简体   繁体   English

简单的正则表达式匹配问题?

[英]Simple Regex match question?

I have a stringstream where it has many strings inside like this: 我有一个字符串流,其中有很多这样的字符串:

  <A style="FONT-WEIGHT: bold" id=thread_title_559960       href="http://microsoft.com/forum/f80/topicName-1234/">Beautiful Topic Name</A> </DIV> 

I am trying to get appropriate links that starts with: 我正在尝试以以下开头的适当链接:

style="FONT-WEIGHT: bold

So in the end I will have the link: 因此,最后我将具有以下链接:

http://microsoft.com/forum/f80/topicName-1234/

Topic Id:
    1234

Topic Display Name:
    Beautiful Topic Name

I am using this pattern, right now, but it doesn't do it all:
    "href=\"(?<url>.*?)\">(?<title>.*?)</A>"
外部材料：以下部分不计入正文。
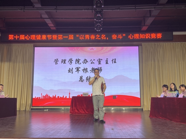 最后由管理学院办公室主任刘军根老师上台总结讲话,首先恭喜获奖队伍。他希望以此活动为契机,让更多同学参与进来,通过各项活动与途径,加强心理健康知识的学习和传播,普及健康心理知识,提高大学生的心理素质和处理心理问题的能力。他呼吁广大青年学生一定要积极响应习近平书记的号召,立志做一名德才兼备、身心健康的社会主义建设者和接班人。

Because there are other links that start with href. 因为还有其他以href开头的链接。

Also to use Regex, I added all lines in a single line of string. 同样使用正则表达式,我在一行字符串中添加了所有行。 Does regex care about new lines? 正则表达式是否关心新行? IE can it continue to match for strings that span multiple lines? IE浏览器可以继续匹配跨越多行的字符串吗?

Please help me with the pattern. 请帮助我的模式。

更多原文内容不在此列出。